Eran las 12:53 p.m, hacía demasiado calor y estaba sentado en un banco de una plaza enorme llena de gente, de ruido, de globos de colores. El verano nunca me había sentado bien, no me gustaba el calor y las sensaciones que emana, así que decidí darle una buena patada y migrar en su época para decirle lo mucho que lo despreciaba.
Me senté en el banco, vi los globos, escuché todos los ruidos juntos y me acosté, me fui quedando dormido y abandoné ese cuerpo cansado y lleno de calor, me elevé y en ese momento recordé a El Principito de Exupéry cuando dejó su cuerpo en la tierra por ser muy pesado, me iba lejos y no podía llevar equipaje.
No me quería poner reflexivo ni mirar atrás, pensé en una encarnación que no me gustó, en una historia que debió ser contada diferente, en una soledad que me asfixiaba más que el calor del verano. Lamenté los daños, los vidrios rotos, las palabras no dichas, los mensajes no entregados.

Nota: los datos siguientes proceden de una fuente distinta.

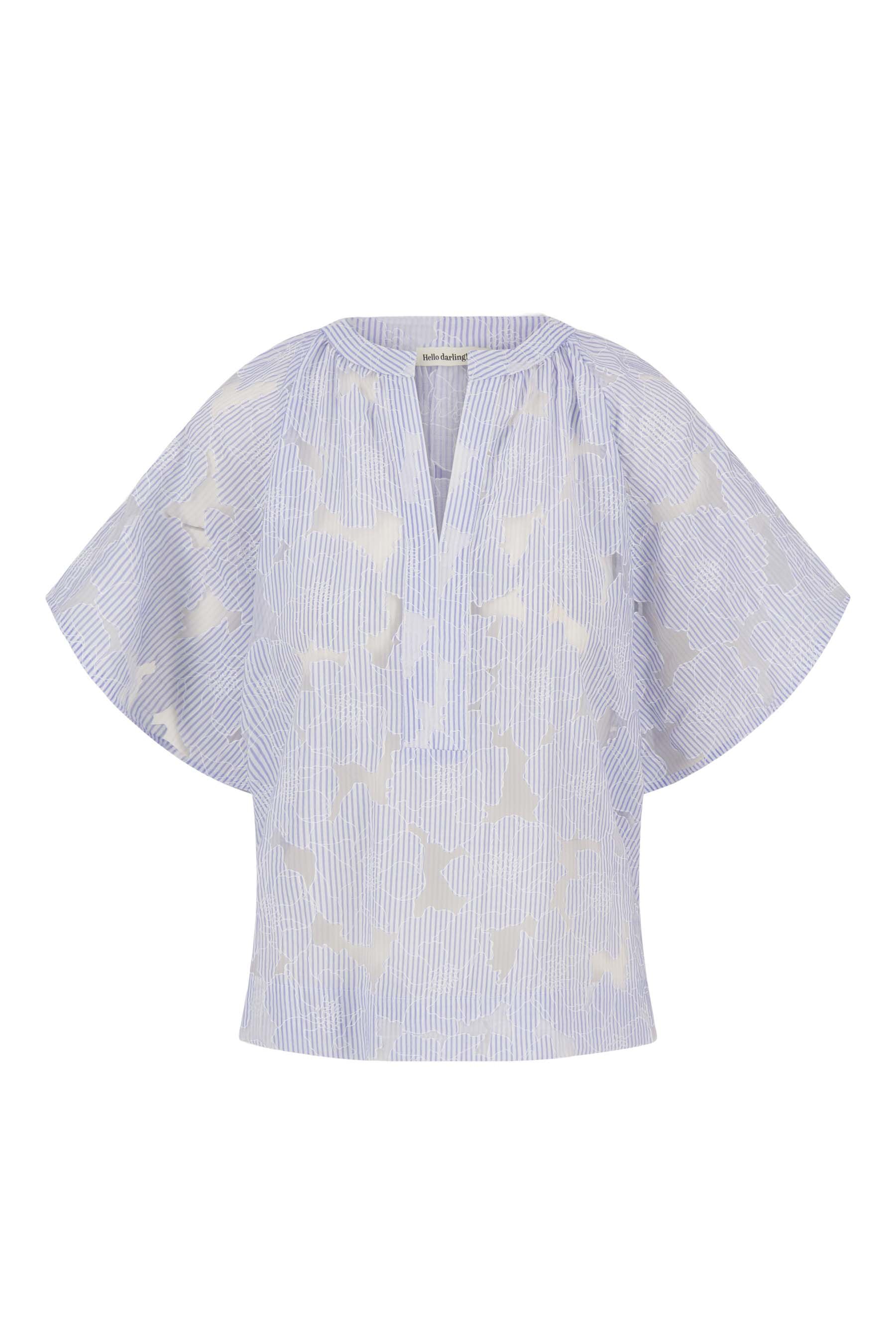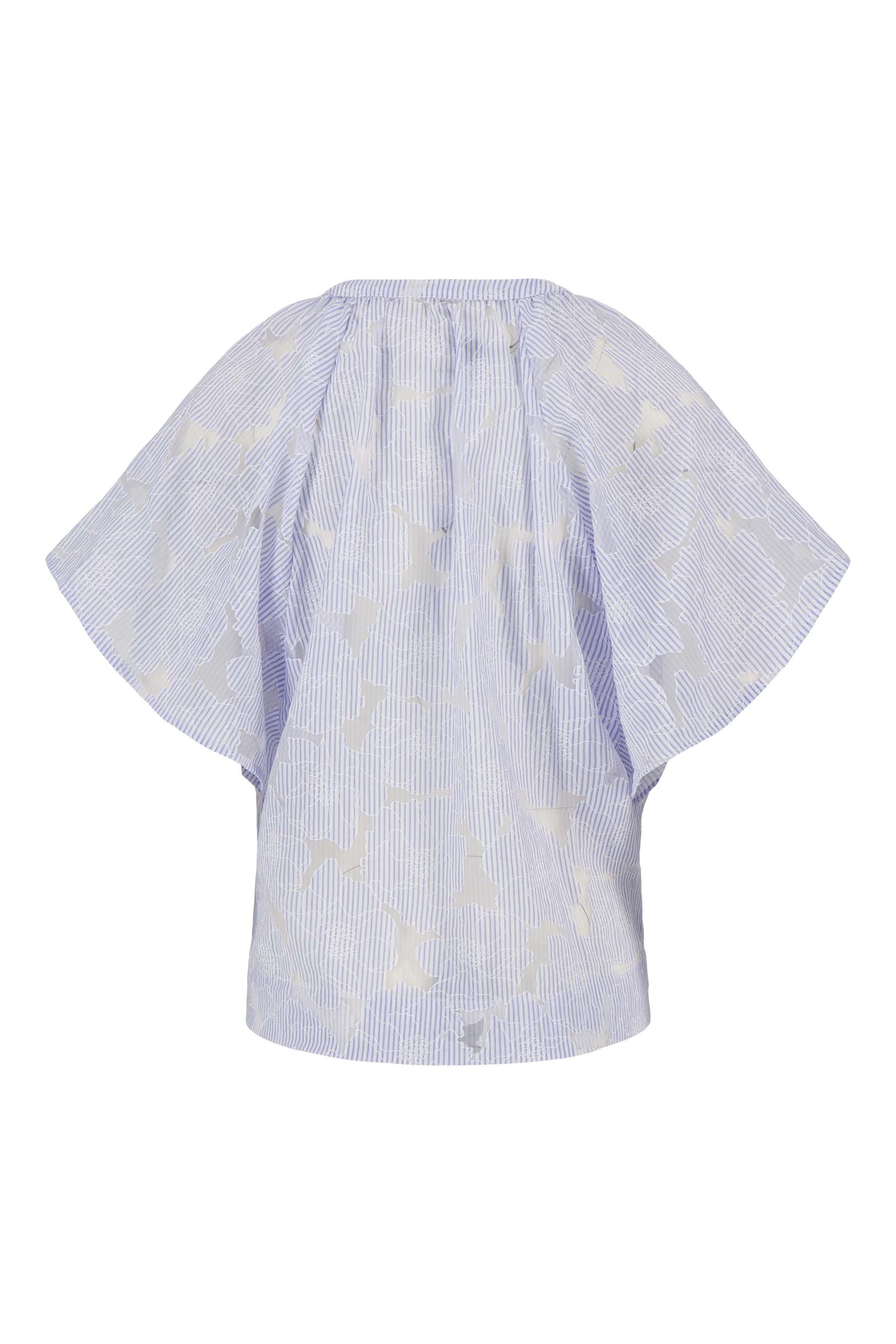 De Zusss gestreepte organza blouse is een echte eyecatcher voor je garderobe. Deze blouse heeft een lichte, luchtige uitstraling dankzij het transparante organza met subtiele strepen en een mid blue / off white kleurenschema. De blouse kenmerkt zich door korte, wijde mouwen en een elegante split aan de hals, perfect voor een moeiteloze, stijlvolle look. De blouse valt comfortabel en is een must-have voor het voorjaar en de zomer.
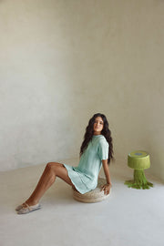 A chic set and cute styling piece, theΒ Leah Skirt is made from a natural cotton wave knit in a mint hue. It is a thin high elasticated waist with drawstring and mini a-line hem. Get the look with the Leah Top. Designed exclusively by Sabo.
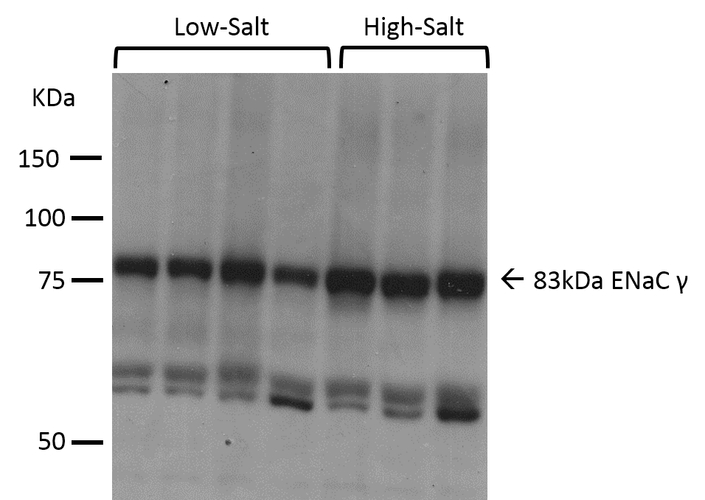 Western blot: Mouse kidney cortex stained with ARG22202 anti-ENaC gamma antibody at 1:1000 dilution. Low-salt diet (lanes 1-4) compared to a high-salt diet (lanes 5-7). 70kDa degradation band observed in low-salt.
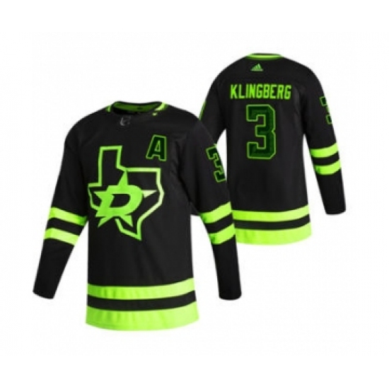 Men's Dallas Stars #3 John Klingberg Black 2020-21 Reverse Retro Alternate Hockey Jersey
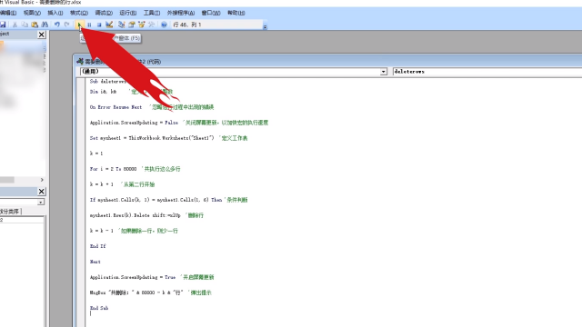 MsgBox "共删除:" & 80000 - k & "行" '弹出提示
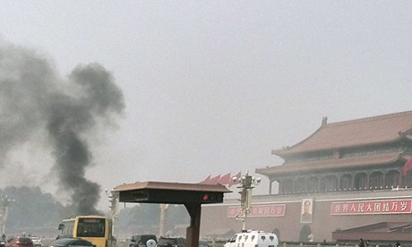 Police investigating Monday's car crash at Beijing's Forbidden City are searching for information on two suspects from the Muslim Uighur minority. A day after a car ploughed through a crowd, crashed and burst into flames, killing five people and injuring 38, government sources have said the "major incident" may have been a suicide attack.
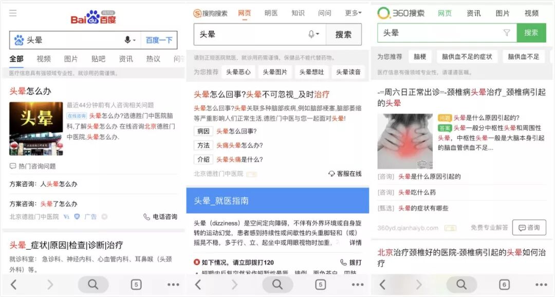 |百度、360、搜狗三个搜索引擎检索“头晕”的结果
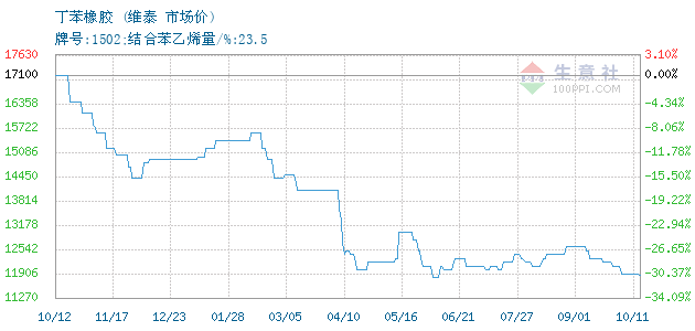 • 2023年11月17日维泰丁苯橡胶为11700元
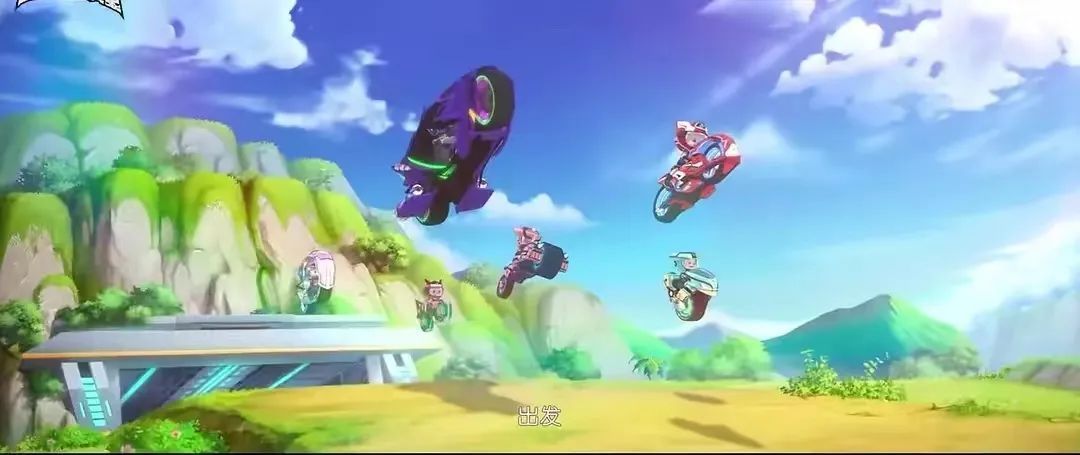 领命出发后,羊羊家族全体成员骑上全新设计、制造的摩托车嘻哈号,拉风地驶向海面。灰太狼也不忘搞笑本色,骑着那台单车拼命追赶,场面着实滑稽。当然,单车追赶摩托车的画面也没持续多久,灰太狼一键切换,单车也随之“变身”成拉风的天狼号。
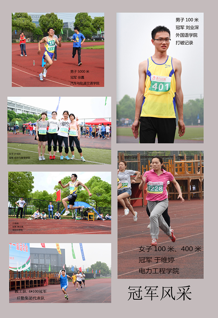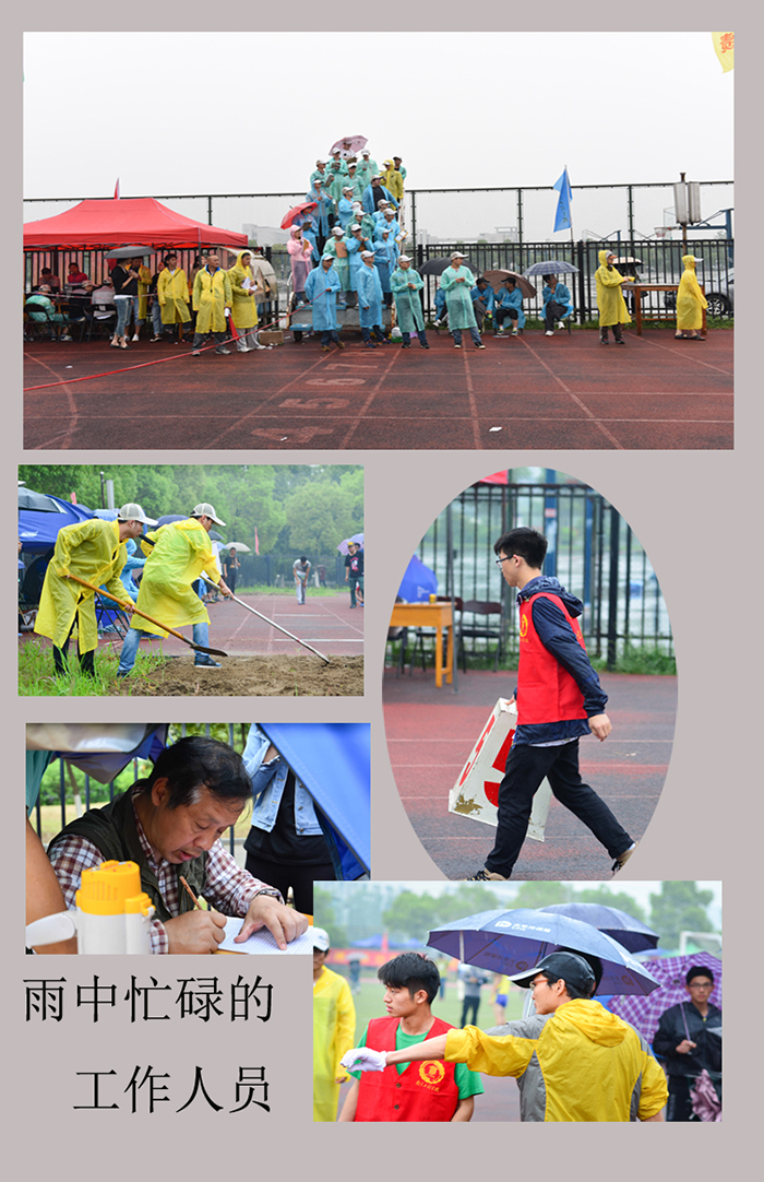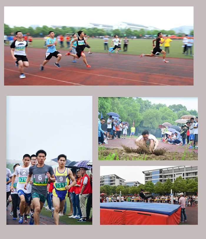 在此后的比赛中,17支学生代表队、23支教工代表队近3000师生参加了共26个项目的竞技。比赛刚开始不久就下起了中雨,但这丝毫没有影响运动员们博弈的运动激情和师生们的参与热情,运动员、裁判员、后勤保障人员、志愿者都全情投入,运动员们向着终点全力冲刺的身影、观众们的加油呐喊声和穿着蓝色雨衣的工作人员忙碌的身影相互交织。雨水,反而为比赛增添了更多风景。运动会现场,院报记者团的小记者对获得冠军的部分运动员进行了采访。外国语学院商务英语142班的刘业深以10秒93的成绩打破了去年创下的男子100米的校记录。他在采访中深有感触地说,自己很幸运地处在校队这个团体中,可以感受到教练的关心以及队员们和谐相处的氛围,让自己在良性竞争的环境下不断提高。男子5000米冠军、汽车与轨道学院车辆132的徐嘉表示,长跑是他的爱好,平时的1500米和5000米训练不仅增强体魄,更锻炼了他的意志和毅力。他坦言这次校运动会比赛只是一个热身,他的目标是今年5月底的南京市运动会,希望能够为校争光。“巾帼不让须眉”,来自经济与管理学院项目管理131的季玉洁是一位看上去小巧的女生,却蕴藏了大大的能量,她不仅取得了校女子3000长跑的冠军,她的成绩还刷新了“沉寂”了好几年的校纪录。作为太阳集团定向队的一员,她把自己的成功归因于每晚环校跑两圈和啦啦队的加油鼓劲。
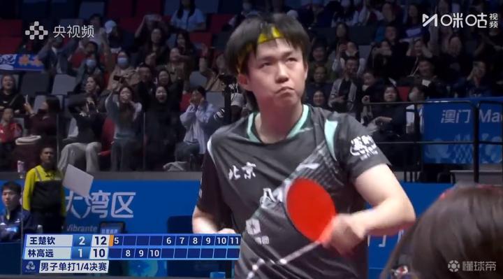11月13日,全运会男单1/4决赛,王楚钦4-2(11-9、8-11、12-10、11-5、7-11、11-4)战胜林高远晋级四强,半决赛对战樊振东。
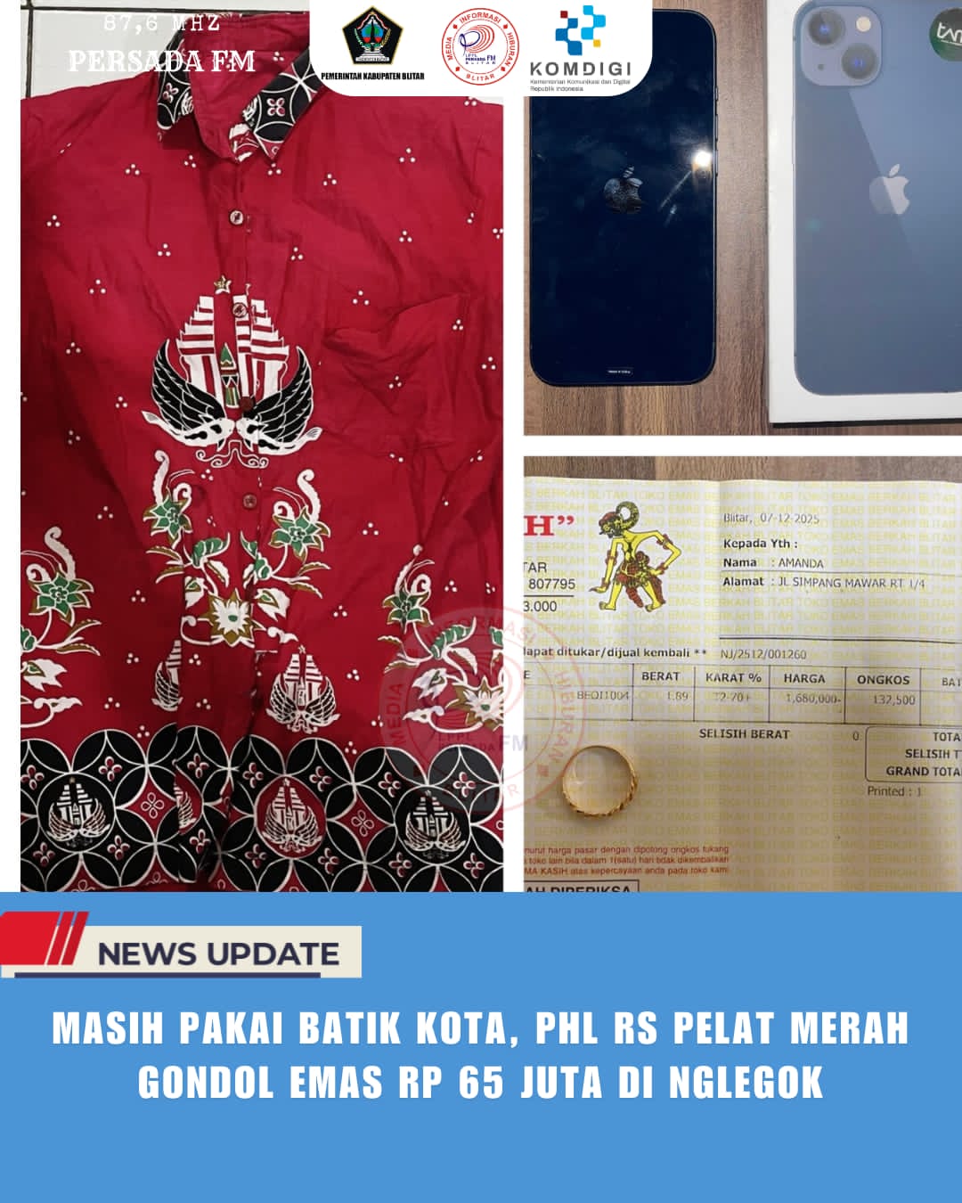 Dari pemeriksaan, pelaku diketahui sebagai pegawai harian lepas di salah satu rumah sakit pelat merah di Kota Blitar. Saat melakukan aksi pencurian, pelaku masih mengenakan seragam batik Kota Blitar, identitas pegawai instansi pemerintah.
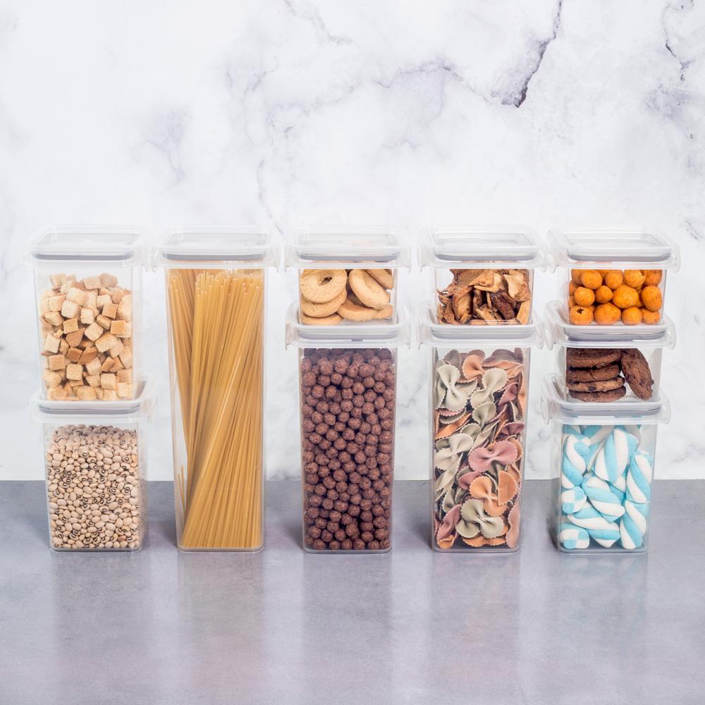 Kit 10 Potes Herméticos com Trava Quadrado Plástico Plasútil Dimensao: (Comp x Larg x Alt): 39,0x23,5x23,5 cm - Os conjuntos de potes herméticos da Plasútil são essenciais para organização da sua cozinha ou despensa. São fabricados em polipropileno (PP), atóxicos e livres de bisfenol-A (BPA FREE); Possuem diferencias que farão diferença no seu dia-a-dia e facilitarão sua rotina: - Tampa emborrachada que garante o fechamento hermético e conserva os alimentos frescos e crocantes por mais tempo. -Travas laterais que contribuem para um fechamento seguro. - Modulares: empilhamento entre bases semelhantes. Encaixe perfeito que otimiza espaço em armários e gavetas. - Tampa transparente facilita identificação do conteúdo. - Pode ser levado ao freezer, lava-louças e micro-ondas. - Composto por 10 potes (CxLxA): 4 x 380 ml (11,0x10,4x7,6 cm - QUADRADO BAIXO), 3 x 830 ml (11,0x10,4x14,4 cm - QUADRADO MÉDIO), 2 x 1,24 L (11,0x10,4x21,0 cm - QUADRADO ALTO) e 1 x 1,6 L (11,0x10,4x27,8 cm - QUADRADO ALTO)..

Esta migración hacia el alma del mundo es voluntaria, fue una decisión tomada con cautela, con cuidado y premeditación, me fui a una nueva luz, a ser parte de una energía que mueve universos, a descubrir, de la mano de algún cometa, otras galaxias que aún no han llegado a ser vistas por telescopios sofisticados.
Migré de mí para ser un nuevo yo, en un espacio repleto de oportunidades diferentes, migré de esto que no me gustó a una realidad distinta y desconocida, me despegué, acostado en esa banca y me alejé de los globos, el ruido y la gente. Migré de mí.